February 1, 2006

Beach Nourishment News from here to Brunswick County.

OB Sentinel Letters and Beach nourishment artcle


Sentinel's article on Beach Nourishment
Interesting debate between Andy Coburn of Duke (a Pilkey guy) and the facts in the form of Spencer Rogers of UNC Sea Grant. The seminal point from Progers:,
he [Rogers]worked with beach communities to evaluate oceanfront erosion-related damage in the wake of hurricanes Dennis and Floyd. Rogers was particularly interested in the aftermath of nourishment projects in Wrightsville, Carolina and Kure beaches. These beaches experienced Hurricane Floyd's highest storm surge which was considered a 75-year surge event...Rogers’ study states that, "Not a single building was threatened behind the rebuilt dunes along these three projects. The beach nourishment and dunes proved to do exactly what was intended -- protect the communities from hurricane-related erosion."

You can say beach nourishment doesn't work but here is the proof. .It can provide enhance protection from storm damage. That is a big part of why we need it.The article comes starts with the old saw that erosion isn't a problem for the beach but for the buildlngs. That's wonderful but the bulidlings don't care either. Its really a problem for people because of the relationship between the beach, the buidlings and the future fo the community. It is a community decision. With current state regualtions regarding sandbags and beach bulldozing the idea that there will always be a usable beach is just wrong. Where is the usable beach in front of the house in the photo. That house still sits in the same relationship to the ocean. Beach nourishment will change that. If you don't want beach nourishment are you really ready to accept that over the next 50 years about one third of the northern beaches tax base will be destroyed by erosion and unless the rules change there will be sandbags along the entire oceanfront. Just aksing
No position from the Sentinel but over all not too bad an artcile
Too mamy letters to the editor to comment on all but in answer to Browning who is "insulted by the arrogance of developers and real estate agents who are pushing and propagandizing to keep the sales tax increase for beach nourishment. " Yes the sales tax revenues could be used to replace sound bulkheads and deal with erosion problems on the Soundside. The revenue is pledged to :Shoreline Management: and that includes both the ocean and the estuarine shore line.

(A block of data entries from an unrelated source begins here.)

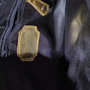 Sleek black clutch with a bold gold chain. Features a stylish emblem on the front. Perfect for evening outings. This clutch is in pristine condition.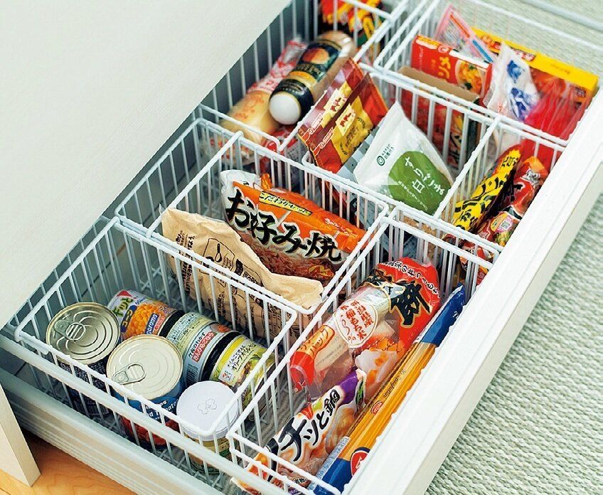 サイズや形がバラバラな食品ストックは、仕切りの位置が自由に動かせるワイヤーカゴで分類。「パッケージが見えるように立てて入れれば、簡単に在庫チェックできます」。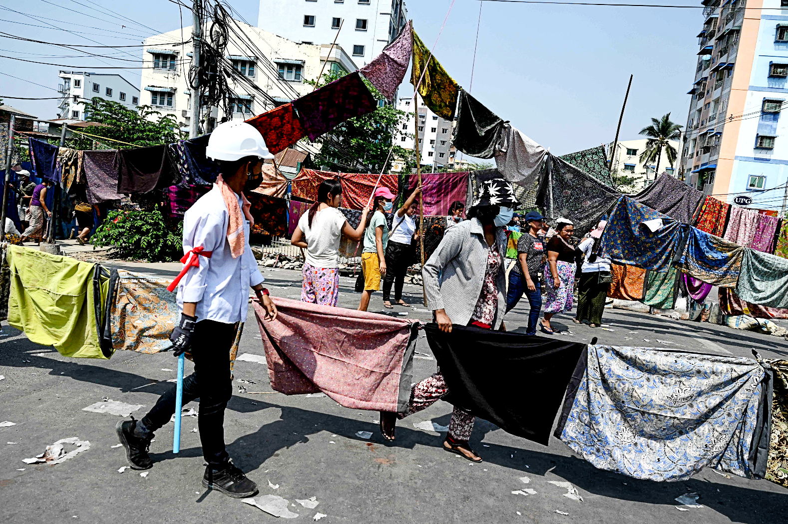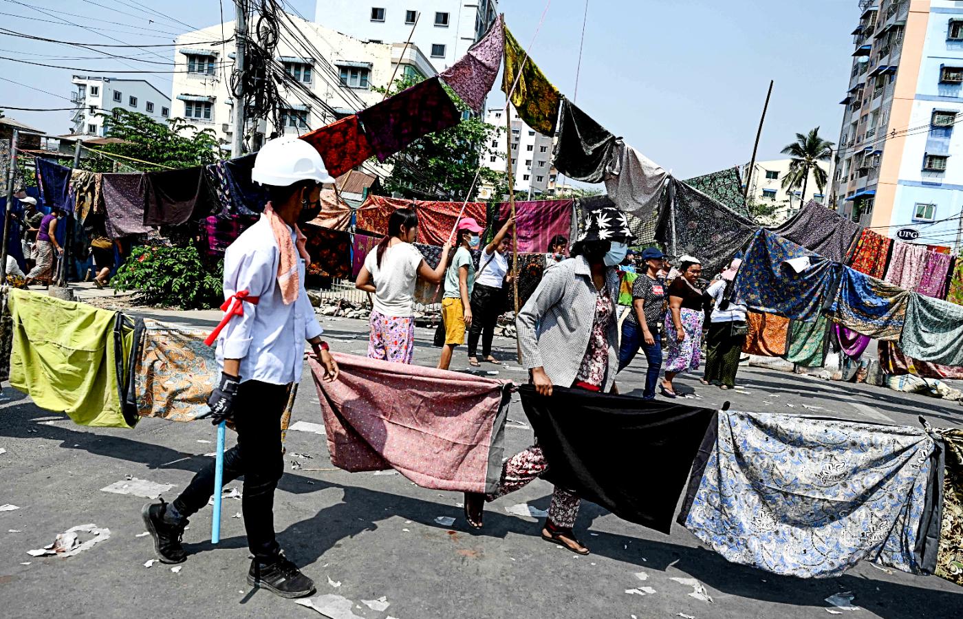 Na pierwszy rzut oka ulice w Mjanmie mogą przypominać śródziemnomorskie zaułki, gdzie na sznurkach rozciągniętych między domami suszy się pranie. Od kilku dni nad głównymi arteriami nie tylko w Rangunie czy Mandalay, ale i w dziesiątkach mniejszych miast powiewają barwne tradycyjne spódnice htamein. To jedna z form protestu przeciwko władzy wojskowych, którzy 1 lutego obalili demokratycznie wybrany rząd Narodowej Ligi Demokracji (NLD) i od tego czasu próbują nieskutecznie i dość nieudolnie podporządkować sobie kraj.

Corps negotiations stall Ocean Isle sand project


The Brunswick Beacon reports that negotioations beween the COE and Great Lakes Dredging over the cost and volume of sand to renourish beaches in Ocean Isle have fallen through and there is now no chance the project will begin before Nov. 1.
Negotiations between the corps and the one bidding contractor faltered last week, and the sand cannot be distributed until at least Nov. 1, Town Administrator Daisy Ivey and Mayor Debbie Smith announced Tuesday.

The size of the dredge needed for the project appears to be the issue.